A second important question is what, if anything, these results tell us about other kinds of phenomena that social scientists might want to predict. In addition to predicting aggregate social trends, a social scientist might want to predict outcomes for individual people (that is, rather than predicting the birth rate, they might want to predict which specific people will give birth). Or social scientists might want to predict collective outcomes, such as whether a country will fall into civil war. I hope that future research can explore the similarities and differences between these various types of social predictions.

In addition to raising questions, there are two important misinterpretations of these results that we should try to avoid: one from social scientists and one from policy makers. Social scientists might conclude that their poor performance is proof that forecasting is a pointless task. In other words, if we are not good at it, then it cannot be important. This kind of thinking would be a mistake. Rather, I hope we — as a community — take the opposite approach. To me, the results of Grossmann et al. suggest that we should increase our efforts to rigorously measure and understand our ability — and inability — to predict the future.

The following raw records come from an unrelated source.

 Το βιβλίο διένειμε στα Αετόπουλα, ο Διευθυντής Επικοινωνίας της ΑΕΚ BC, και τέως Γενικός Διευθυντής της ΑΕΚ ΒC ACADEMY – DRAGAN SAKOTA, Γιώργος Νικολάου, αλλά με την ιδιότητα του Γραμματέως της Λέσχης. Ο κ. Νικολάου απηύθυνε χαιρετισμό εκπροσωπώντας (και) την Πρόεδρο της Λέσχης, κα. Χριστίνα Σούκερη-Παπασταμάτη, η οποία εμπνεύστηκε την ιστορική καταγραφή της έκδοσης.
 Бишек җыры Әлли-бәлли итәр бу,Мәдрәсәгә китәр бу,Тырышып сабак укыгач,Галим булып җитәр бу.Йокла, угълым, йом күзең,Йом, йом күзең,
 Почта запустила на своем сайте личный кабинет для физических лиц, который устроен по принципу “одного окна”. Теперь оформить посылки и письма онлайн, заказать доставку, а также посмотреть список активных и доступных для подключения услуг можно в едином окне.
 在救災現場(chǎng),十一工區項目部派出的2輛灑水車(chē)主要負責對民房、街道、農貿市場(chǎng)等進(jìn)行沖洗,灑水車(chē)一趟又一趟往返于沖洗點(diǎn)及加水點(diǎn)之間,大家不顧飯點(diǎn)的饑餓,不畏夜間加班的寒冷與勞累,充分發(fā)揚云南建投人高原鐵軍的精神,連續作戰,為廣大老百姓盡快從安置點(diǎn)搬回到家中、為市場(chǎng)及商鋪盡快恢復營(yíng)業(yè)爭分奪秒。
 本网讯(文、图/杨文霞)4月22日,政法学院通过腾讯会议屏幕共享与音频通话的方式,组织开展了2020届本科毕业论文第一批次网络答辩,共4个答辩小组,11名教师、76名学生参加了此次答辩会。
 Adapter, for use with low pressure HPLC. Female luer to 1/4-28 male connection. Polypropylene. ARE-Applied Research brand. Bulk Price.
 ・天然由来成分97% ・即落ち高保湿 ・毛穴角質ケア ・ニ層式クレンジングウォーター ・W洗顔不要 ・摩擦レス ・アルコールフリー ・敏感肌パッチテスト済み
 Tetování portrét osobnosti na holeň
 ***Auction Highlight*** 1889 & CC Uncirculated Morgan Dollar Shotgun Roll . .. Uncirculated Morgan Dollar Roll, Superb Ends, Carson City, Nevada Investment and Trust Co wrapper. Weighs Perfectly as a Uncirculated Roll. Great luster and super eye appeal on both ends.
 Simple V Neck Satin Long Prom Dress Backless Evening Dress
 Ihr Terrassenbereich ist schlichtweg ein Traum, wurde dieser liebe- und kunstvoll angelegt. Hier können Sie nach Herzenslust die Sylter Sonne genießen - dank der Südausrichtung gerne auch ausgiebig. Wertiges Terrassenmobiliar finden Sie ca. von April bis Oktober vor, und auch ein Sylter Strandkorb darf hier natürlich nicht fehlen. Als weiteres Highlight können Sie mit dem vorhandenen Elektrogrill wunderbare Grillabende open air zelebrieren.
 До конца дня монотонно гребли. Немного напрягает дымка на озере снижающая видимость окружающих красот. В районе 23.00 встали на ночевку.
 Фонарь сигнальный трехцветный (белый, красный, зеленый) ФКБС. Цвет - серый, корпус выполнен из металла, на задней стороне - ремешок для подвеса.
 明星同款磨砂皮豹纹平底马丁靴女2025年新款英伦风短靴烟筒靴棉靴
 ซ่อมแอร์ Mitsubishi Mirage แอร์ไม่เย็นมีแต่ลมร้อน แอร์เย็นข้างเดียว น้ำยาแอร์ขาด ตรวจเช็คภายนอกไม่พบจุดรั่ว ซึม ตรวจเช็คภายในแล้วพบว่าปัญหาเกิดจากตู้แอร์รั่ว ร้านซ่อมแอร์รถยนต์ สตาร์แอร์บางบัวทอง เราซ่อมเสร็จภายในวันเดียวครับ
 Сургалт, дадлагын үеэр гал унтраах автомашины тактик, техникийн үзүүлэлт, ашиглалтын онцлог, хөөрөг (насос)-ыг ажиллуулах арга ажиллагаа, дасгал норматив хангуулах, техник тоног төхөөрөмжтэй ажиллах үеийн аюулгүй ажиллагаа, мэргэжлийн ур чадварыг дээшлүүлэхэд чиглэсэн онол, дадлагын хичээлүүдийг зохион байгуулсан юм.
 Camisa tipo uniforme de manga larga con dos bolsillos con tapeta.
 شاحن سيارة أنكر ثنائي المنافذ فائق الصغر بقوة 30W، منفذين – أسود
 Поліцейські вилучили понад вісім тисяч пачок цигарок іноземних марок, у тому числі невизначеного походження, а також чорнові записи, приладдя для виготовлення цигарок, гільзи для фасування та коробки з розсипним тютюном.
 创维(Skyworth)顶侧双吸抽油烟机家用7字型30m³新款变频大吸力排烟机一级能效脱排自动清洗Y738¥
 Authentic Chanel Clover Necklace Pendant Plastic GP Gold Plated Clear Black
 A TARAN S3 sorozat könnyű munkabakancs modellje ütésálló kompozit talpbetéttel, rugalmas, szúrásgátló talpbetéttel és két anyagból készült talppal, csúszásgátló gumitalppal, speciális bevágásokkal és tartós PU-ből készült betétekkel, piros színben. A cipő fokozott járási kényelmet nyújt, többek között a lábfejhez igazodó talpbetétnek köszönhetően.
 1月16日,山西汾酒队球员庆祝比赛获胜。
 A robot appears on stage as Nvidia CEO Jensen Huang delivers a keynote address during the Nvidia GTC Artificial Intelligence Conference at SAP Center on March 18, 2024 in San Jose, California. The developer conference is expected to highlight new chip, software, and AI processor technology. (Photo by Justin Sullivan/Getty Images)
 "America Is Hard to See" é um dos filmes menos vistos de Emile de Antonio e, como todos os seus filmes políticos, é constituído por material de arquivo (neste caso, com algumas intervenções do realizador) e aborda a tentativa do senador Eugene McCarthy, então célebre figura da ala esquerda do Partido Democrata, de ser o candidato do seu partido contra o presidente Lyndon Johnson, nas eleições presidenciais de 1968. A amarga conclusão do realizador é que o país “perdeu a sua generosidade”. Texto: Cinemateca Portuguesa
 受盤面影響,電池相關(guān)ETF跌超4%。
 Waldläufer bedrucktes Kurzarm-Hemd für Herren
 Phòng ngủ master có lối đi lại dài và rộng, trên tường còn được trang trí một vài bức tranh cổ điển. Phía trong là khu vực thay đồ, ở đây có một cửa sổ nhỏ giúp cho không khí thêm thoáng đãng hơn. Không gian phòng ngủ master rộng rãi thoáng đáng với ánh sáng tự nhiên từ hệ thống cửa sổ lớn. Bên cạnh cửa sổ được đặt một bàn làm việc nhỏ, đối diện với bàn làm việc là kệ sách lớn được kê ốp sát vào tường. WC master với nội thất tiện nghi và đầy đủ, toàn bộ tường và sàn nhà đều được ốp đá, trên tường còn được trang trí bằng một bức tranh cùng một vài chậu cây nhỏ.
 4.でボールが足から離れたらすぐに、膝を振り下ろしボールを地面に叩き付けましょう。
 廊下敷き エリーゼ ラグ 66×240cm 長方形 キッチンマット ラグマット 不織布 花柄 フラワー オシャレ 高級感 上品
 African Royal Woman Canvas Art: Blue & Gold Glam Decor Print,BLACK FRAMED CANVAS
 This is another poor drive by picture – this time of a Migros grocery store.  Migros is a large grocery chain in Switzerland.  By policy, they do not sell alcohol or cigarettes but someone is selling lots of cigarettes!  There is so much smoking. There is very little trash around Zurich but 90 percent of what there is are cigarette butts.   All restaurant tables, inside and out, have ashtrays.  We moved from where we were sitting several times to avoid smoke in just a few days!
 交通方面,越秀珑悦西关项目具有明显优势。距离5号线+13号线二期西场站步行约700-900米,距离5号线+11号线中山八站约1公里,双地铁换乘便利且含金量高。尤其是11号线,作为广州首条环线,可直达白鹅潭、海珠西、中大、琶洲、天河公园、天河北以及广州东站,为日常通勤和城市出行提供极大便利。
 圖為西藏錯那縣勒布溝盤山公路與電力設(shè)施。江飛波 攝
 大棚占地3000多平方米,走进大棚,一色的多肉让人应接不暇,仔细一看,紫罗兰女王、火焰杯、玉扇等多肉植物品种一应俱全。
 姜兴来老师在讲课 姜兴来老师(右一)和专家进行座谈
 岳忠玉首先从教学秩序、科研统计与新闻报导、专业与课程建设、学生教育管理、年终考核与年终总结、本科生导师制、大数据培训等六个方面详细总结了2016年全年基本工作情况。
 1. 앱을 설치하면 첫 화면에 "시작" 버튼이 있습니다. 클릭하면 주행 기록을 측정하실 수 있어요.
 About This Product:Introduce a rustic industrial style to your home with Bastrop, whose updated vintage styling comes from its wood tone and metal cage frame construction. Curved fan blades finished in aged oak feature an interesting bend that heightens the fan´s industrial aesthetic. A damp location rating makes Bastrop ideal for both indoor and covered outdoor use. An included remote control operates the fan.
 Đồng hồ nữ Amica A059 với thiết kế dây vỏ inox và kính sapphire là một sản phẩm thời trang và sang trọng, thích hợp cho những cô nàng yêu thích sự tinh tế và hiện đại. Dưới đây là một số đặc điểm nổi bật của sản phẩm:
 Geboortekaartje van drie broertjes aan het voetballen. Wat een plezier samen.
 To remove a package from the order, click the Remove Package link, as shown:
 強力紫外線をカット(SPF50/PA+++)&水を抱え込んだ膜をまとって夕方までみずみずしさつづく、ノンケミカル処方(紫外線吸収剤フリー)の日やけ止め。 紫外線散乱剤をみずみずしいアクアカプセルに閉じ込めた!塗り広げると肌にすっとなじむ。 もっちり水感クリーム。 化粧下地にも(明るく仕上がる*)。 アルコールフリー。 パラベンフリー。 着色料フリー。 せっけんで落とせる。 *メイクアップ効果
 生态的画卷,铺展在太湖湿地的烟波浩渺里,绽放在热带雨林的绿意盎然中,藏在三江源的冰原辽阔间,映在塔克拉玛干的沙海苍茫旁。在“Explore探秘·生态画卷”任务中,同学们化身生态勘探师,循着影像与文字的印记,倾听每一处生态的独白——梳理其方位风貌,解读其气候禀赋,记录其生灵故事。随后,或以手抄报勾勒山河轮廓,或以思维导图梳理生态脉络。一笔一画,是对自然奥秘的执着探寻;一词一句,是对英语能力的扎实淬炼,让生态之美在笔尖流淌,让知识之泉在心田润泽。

A second possible misinterpretation could come from policy makers, who might conclude from these findings that social scientists do not know anything. But that is not quite right. For many tasks of critical policy importance, I expect that social scientists can make important contributions — or at least do better than a simple statistical model and a nonexpert crowd. For example, some social scientists almost certainly have expertise in designing and evaluating policy interventions intending to change social indicators, rather than merely forecast them. Even in the realm of forecasting, social scientists can probably make important contributions to forecasting the probabilities of long-term, existential risks. Of course, these speculations would have to be tested empirically.

In addition to its specific findings and open questions, the paper of Grossmann et al. also gives us an important reminder of the power of large-scale collaboration in the social sciences7,8,9,10. Had Grossmann and colleagues undertaken independent studies, the results would have invariably ended up incompatible because of different design choices. It was only by working together that these researchers were able to produce such important results. Thus, these forecast tournaments remind us that there are things researchers that can accomplish collectively that none of us can accomplish individually. If we want to make progress on the many interesting questions raised by Grossmann et al., we are going to need to work together.